Problem details — The result should be the listing below restated word for word, with images left out.
———
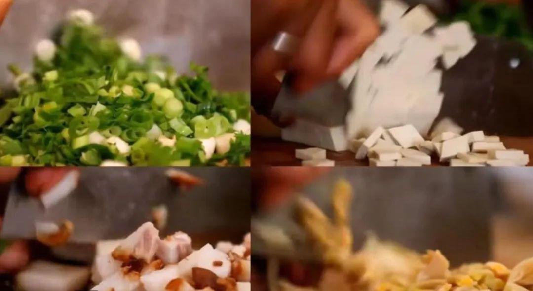 湯分為葷湯和清湯兩種,葷湯加臊子,清湯不加。清湯的做法:將白蘿卜、紅蘿卜、豆腐、土豆、番瓜、黃花菜、少許木耳切丁,其中白蘿卜丁、紅蘿卜丁用開(kāi)水提前掠熟。炒制過(guò)程中加入大量辣椒面、胡椒粉、少許花椒粉、鹽,加水成湯??谖镀匾稽c(diǎn)好。
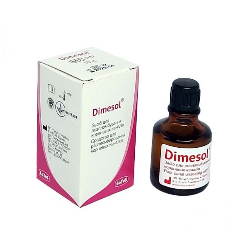 DimeSol используют при перепломбировке корневых каналов для очистки канала от пломбировочного материала (Citofil Са, Citofil F), эпоксидных, резорцин-формалиновых смол и цинкоксид-эвгенольных цементов.
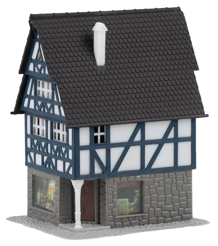 Kleines Fachwerkhaus mit Schindeldach und gemauertem Erdgeschoss, in dem sich eine Apotheke mit zwei Schaufenstern befindet.
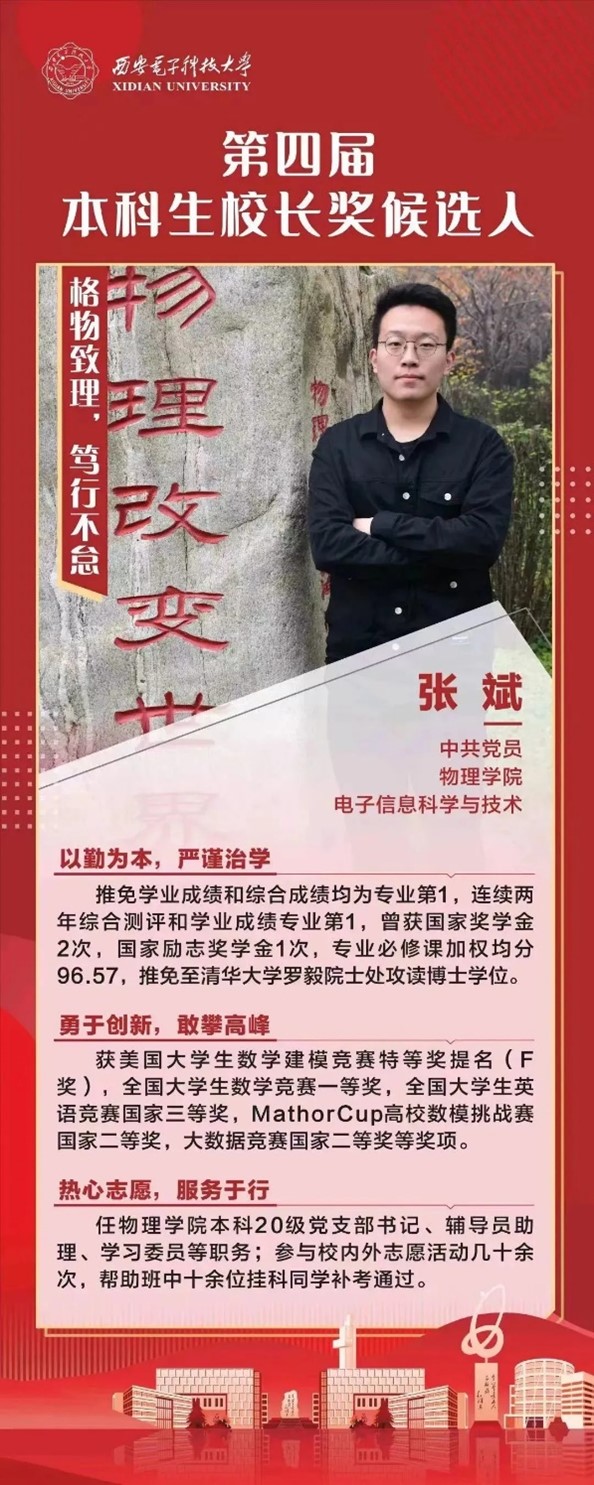“校长奖”是学校学生个人最高荣誉,为褒奖恪守西电校训,弘扬西电精神,综合素质全面,在学术研究、创新创业、社会公益、文体艺术等某方面事迹突出的学生先进个人。2019级本科生张斌在答辩环节展示了自己在大学从寻梦到追梦,最后圆梦的故事。从沧州市南皮县那一方小小的村庄来到西电,张斌在大一时期观看一次校长奖的答辩,台上自信从容的学长学姐给予了他榜样的力量,为他照亮了一个全新的世界,梦想从此落地生根,他暗暗下定决心,将来一定也要像优秀的学长学姐一样,在青春的赛道上不断跑出更好的成绩!如今,张斌以优异的成绩直博清华大学院士门下。他说,以梦想为圆心,奋斗为半径。心怀梦想,不停的走下去,终有一天会圆梦。努力越多,形成的圆也就越大。
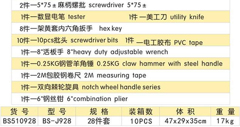 | 螺丝批 | ·2件麻柄螺批5*75 ·10件批头 |
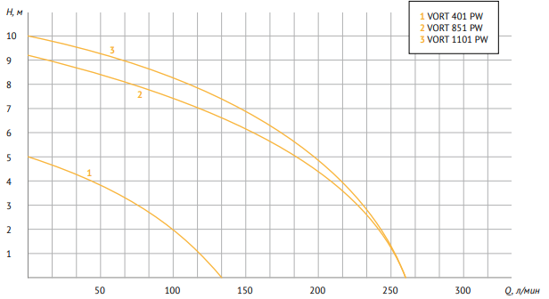 Дренажные насосы для воды от производителя UNIPUMP серии VORTДренажные насосы серии VORT — предназначены для отвода сточных дождевых вод, осушения контейнеров, лодок или яхт, откачивания воды из колодцев и шахт, для перекачивания чистой или грязной жидкости (максимальный размер механических включений — 35 мм), воды, содержащей моющие средства, откачивания жидкости из плавательных бассейнов, для распыления воды и обеспечения ее циркуляции в течение ограниченного промежутка времени. Дренажные насосы имеют герметичный корпус, могут работать частично или полностью погруженными в воду (глубина погружения в перекачиваемую жидкость до 5 метров). Оборудование укомплектовано поплавковым выключателем. Напорно-расходные характеристики
———
Task result —
 湯分為葷湯和清湯兩種,葷湯加臊子,清湯不加。清湯的做法:將白蘿卜、紅蘿卜、豆腐、土豆、番瓜、黃花菜、少許木耳切丁,其中白蘿卜丁、紅蘿卜丁用開(kāi)水提前掠熟。炒制過(guò)程中加入大量辣椒面、胡椒粉、少許花椒粉、鹽,加水成湯??谖镀匾稽c(diǎn)好。
 DimeSol используют при перепломбировке корневых каналов для очистки канала от пломбировочного материала (Citofil Са, Citofil F), эпоксидных, резорцин-формалиновых смол и цинкоксид-эвгенольных цементов.
 Kleines Fachwerkhaus mit Schindeldach und gemauertem Erdgeschoss, in dem sich eine Apotheke mit zwei Schaufenstern befindet.
“校长奖”是学校学生个人最高荣誉,为褒奖恪守西电校训,弘扬西电精神,综合素质全面,在学术研究、创新创业、社会公益、文体艺术等某方面事迹突出的学生先进个人。2019级本科生张斌在答辩环节展示了自己在大学从寻梦到追梦,最后圆梦的故事。从沧州市南皮县那一方小小的村庄来到西电,张斌在大一时期观看一次校长奖的答辩,台上自信从容的学长学姐给予了他榜样的力量,为他照亮了一个全新的世界,梦想从此落地生根,他暗暗下定决心,将来一定也要像优秀的学长学姐一样,在青春的赛道上不断跑出更好的成绩!如今,张斌以优异的成绩直博清华大学院士门下。他说,以梦想为圆心,奋斗为半径。心怀梦想,不停的走下去,终有一天会圆梦。努力越多,形成的圆也就越大。
 | 螺丝批 | ·2件麻柄螺批5*75 ·10件批头 |
 Дренажные насосы для воды от производителя UNIPUMP серии VORTДренажные насосы серии VORT — предназначены для отвода сточных дождевых вод, осушения контейнеров, лодок или яхт, откачивания воды из колодцев и шахт, для перекачивания чистой или грязной жидкости (максимальный размер механических включений — 35 мм), воды, содержащей моющие средства, откачивания жидкости из плавательных бассейнов, для распыления воды и обеспечения ее циркуляции в течение ограниченного промежутка времени. Дренажные насосы имеют герметичный корпус, могут работать частично или полностью погруженными в воду (глубина погружения в перекачиваемую жидкость до 5 метров). Оборудование укомплектовано поплавковым выключателем. Напорно-расходные характеристики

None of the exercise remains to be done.